I'm kind of burnt out from being pissed off at JWs. Tonight, while talking to a friend who left at the same time I did (several years ago), we both spoke of our apathy towards the whole anti-witness movement.
Recently I helped in several anti-JW actions, and I thought I made a difference, although it was a pittens compared to others who have come before.
Does anyone feel that same apathy? Is the uphill battle fighting brainwashed people getting to you? My family is out ( almost entirely), yet I can't shake this bad feeling that fighting the Witnesses if self-destructive and not good for any person to take on as a cause.
Silentlambs is one thing. Constantly trying to get the loyalist Witnesses to see the folly of their vindictive Organization is another. What difference are we making? Is it really anything at all?

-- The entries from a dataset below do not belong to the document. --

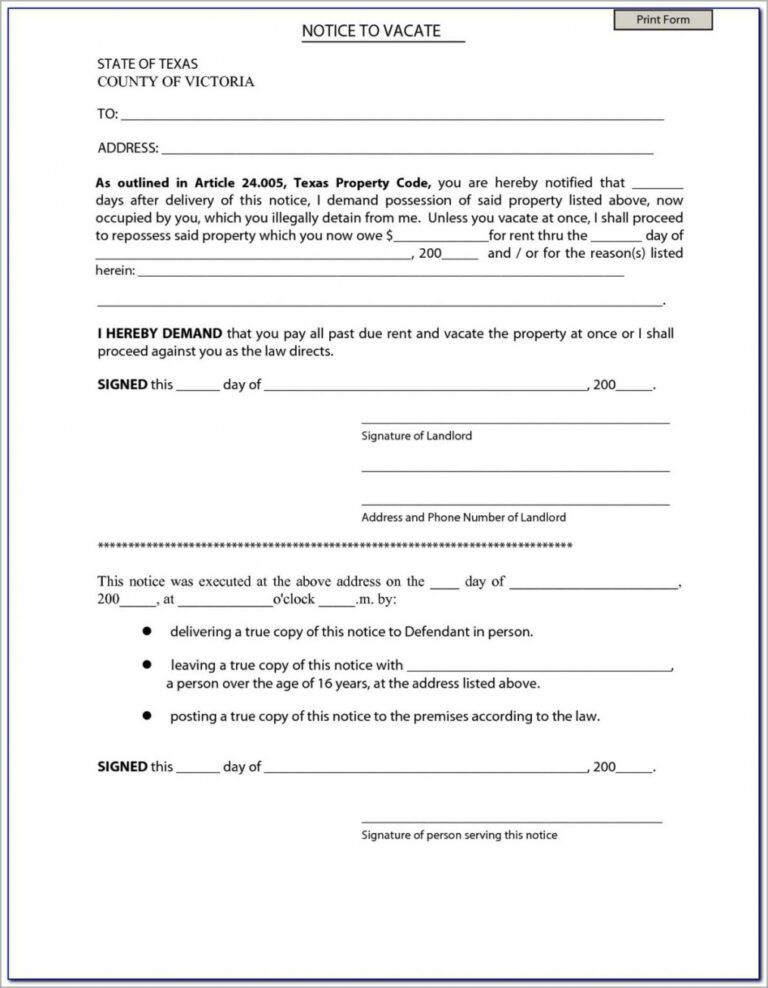 Texas Notice To Vacate Template
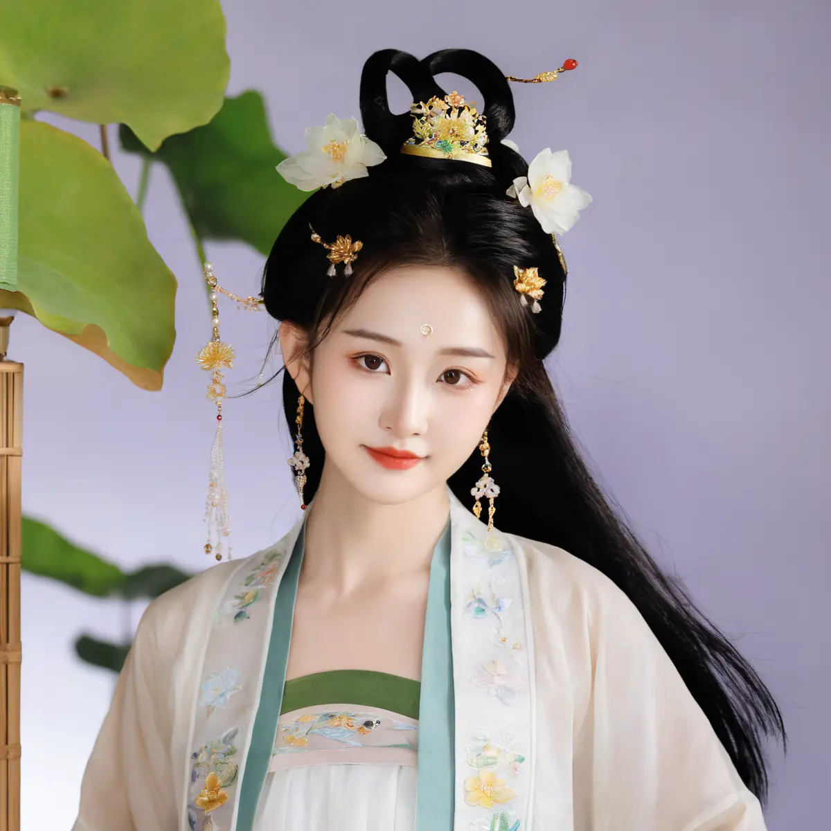 她的打扮素净雅致,全然贴合温和知性的气质,却处处透着低调贵气。常着月白、雾灰、藕荷等浅淡柔色的衣裙,料子多是软缎、暗花罗,垂感极佳,剪裁合体却不紧绷,行走时衣袂轻扬,尽显柔婉。领口多为斜襟小袖,裙摆及踝,稳重不拖沓,鞋面仅隐有兰草、卷云般的极淡暗纹,无多余繁饰,天凉时便搭一件素色轻软披风,更添温润。发间只簪一支素玉簪或木簪,偶配小朵珍珠、玉坠花饰,梳得整齐利落,不蓬松杂乱,耳饰是小巧珍珠或玉坠,腕间戴一只素玉镯,简约不张扬,从头到脚不见大红大绿、珠翠满头,也无花哨艳饰,清淡的模样里,藏着料子与剪裁的上乘质感,尽显“不张扬却贵重”的格调。
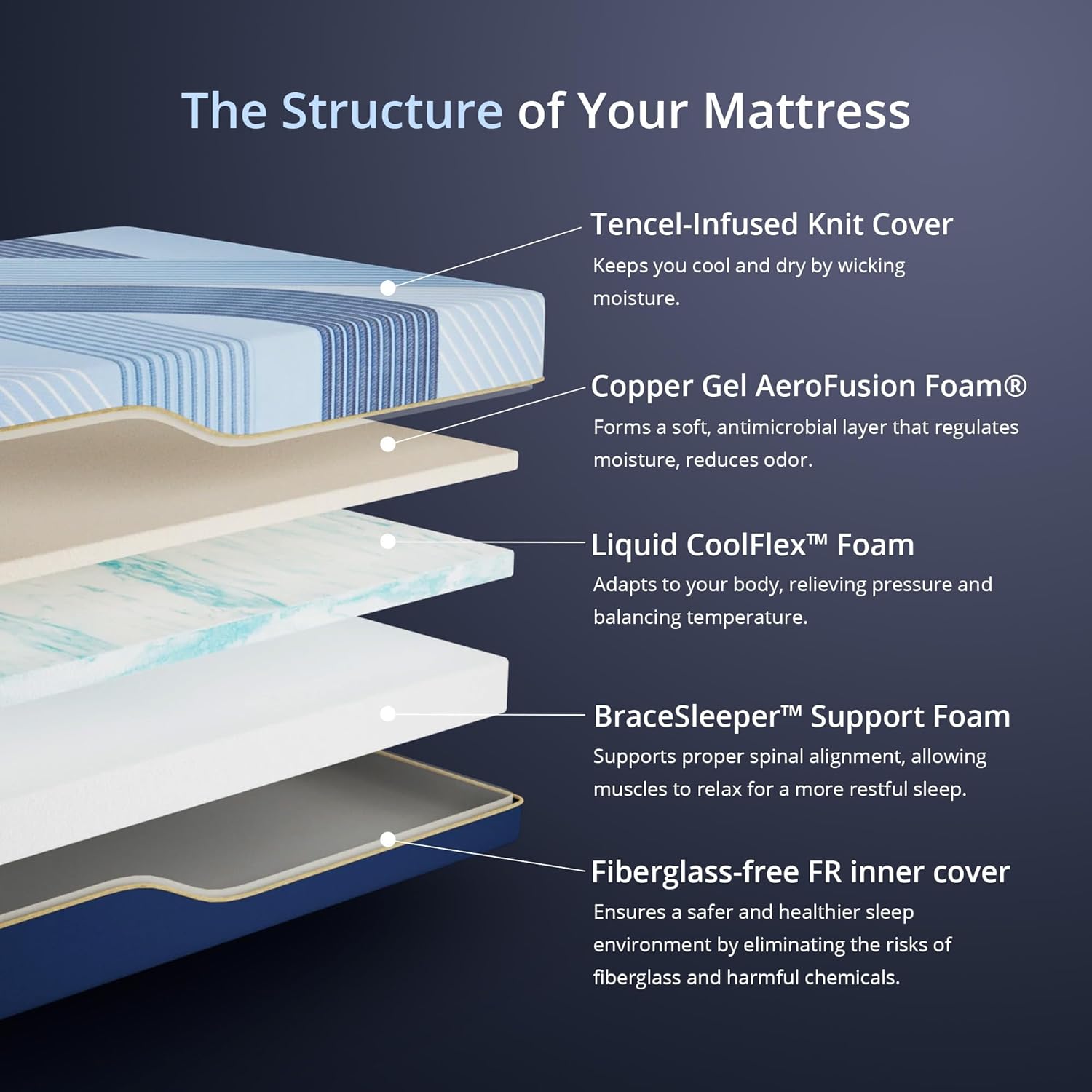 Cooler Sleep, Night After Night: Upgraded knit Tencel cover is silky-soft yet resistant to wear and wrinkles, so it stays pristine and plush for years. Tencel fabric and Copper Gel Memory Foam work together to draw heat away and wick moistureperfect for hot sleepers.

Perhaps I'm a bit lost; I'm beginning to feel like the history of my life has been negated by the fact that most of my childhood was spent living and fighting the worst aspects of a religous lie. There's a certain emptiness to have no childhood milestones, or memories of beautiful days as a kid.

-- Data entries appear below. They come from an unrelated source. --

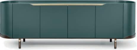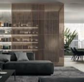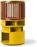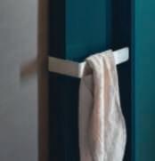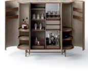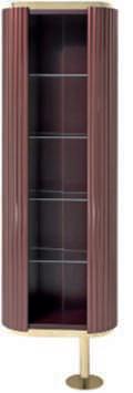 DisegnatodaAlessandro LaSpada, Archimede è una colonnagirevoleperlasala dabagno. La strutturain legno con fianchi curvi è decorata con strisce ‘canneté’scolpite abassorilievo.
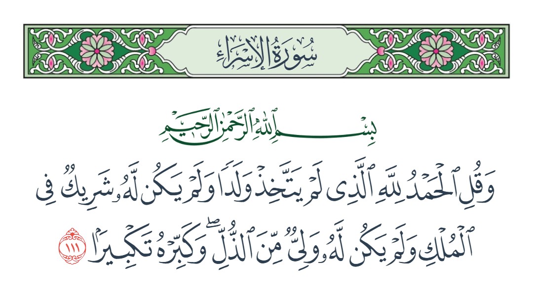 وقل الحمد لله الذي لم يتخذ ولدا ولم يكن له شريك في الملك ولم يكن له ولي من الذل وكبره تكبيرا [الإسراء : 111]
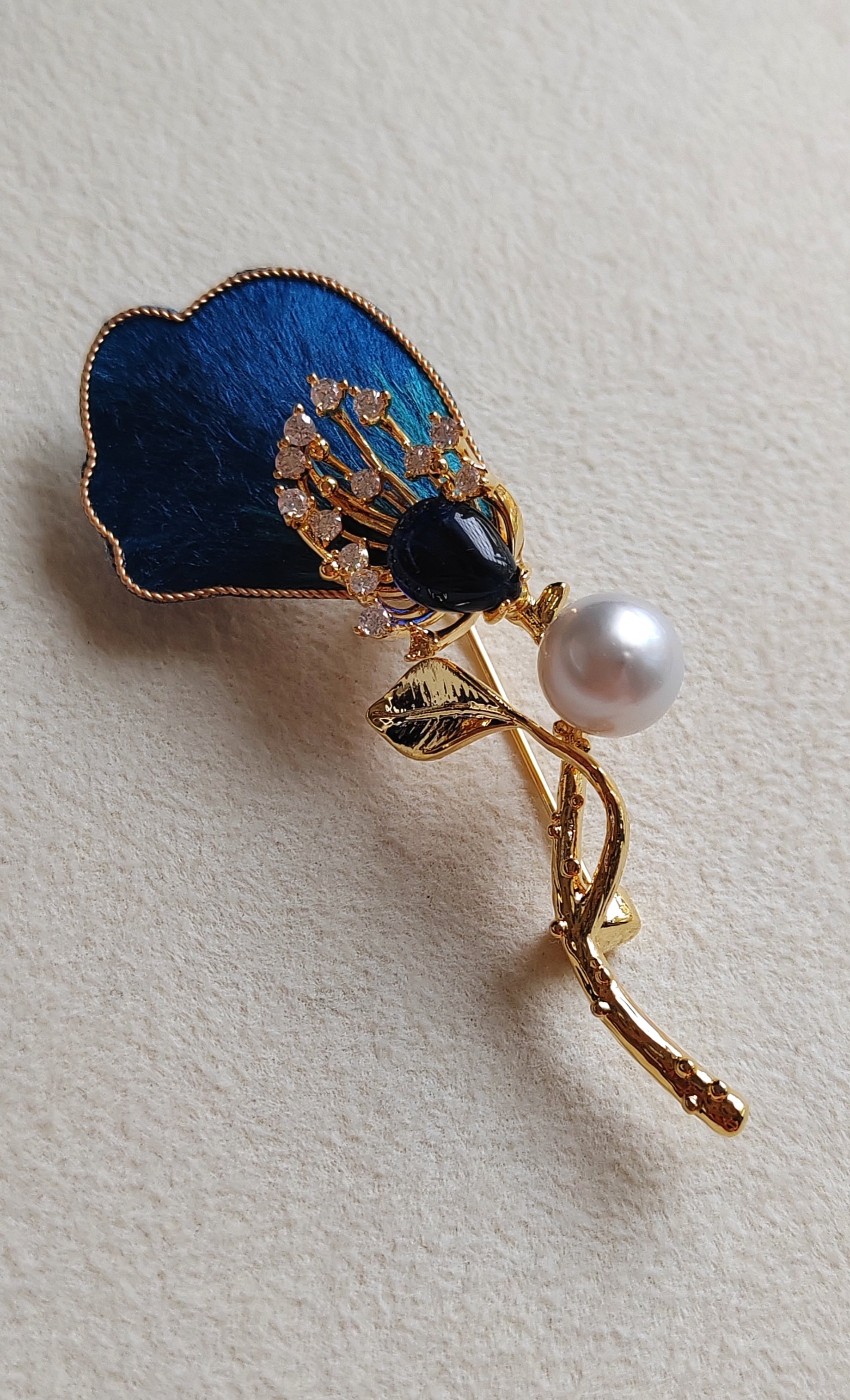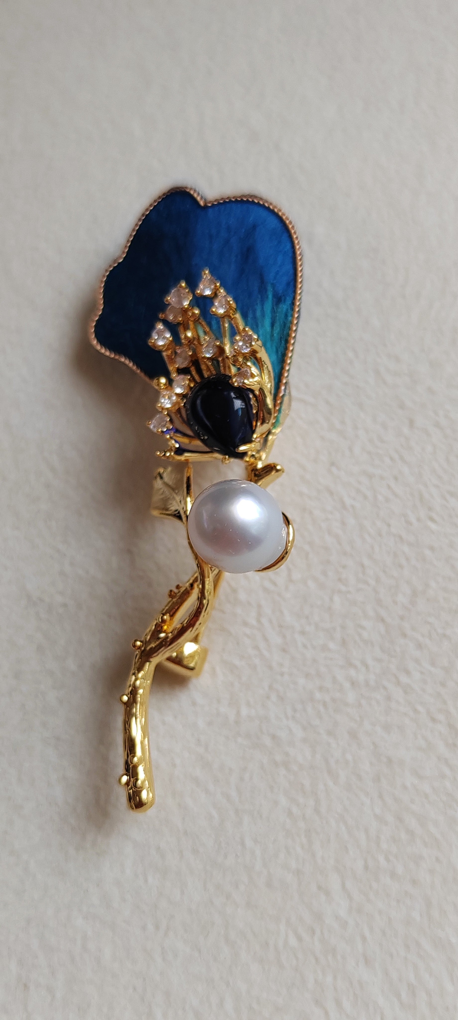 This gorgeous Lily brooch made of a genuine south sea white pearl semibaroque shape, very high luster, mounted on shiny gold coated flower.

I have some fond memories of playing with kids from around the block, but those are always followed with the fights I had with JWs about my friend's potential status at Armageddon. I couldn't accept that my good friends who I played kickball with, we're going to be killed in the fury of God.
And so, after all these years of fighting, I'm feel tired and empty. I come to the board, and see JWD fighting like animals. We're like dogs with no toys to play with. The big battles have been fought and we're kind of waiting for the WT to get their comeuppance. In the meantime, though.......
What is our status as people right now? What determines the value of us as persons, and if we do not believe in a God at all, what actions should be part of our lives in order to make it full and rich? I appeal especially to people who feel the same way I do, but those who have moved to other religions are welcome as well.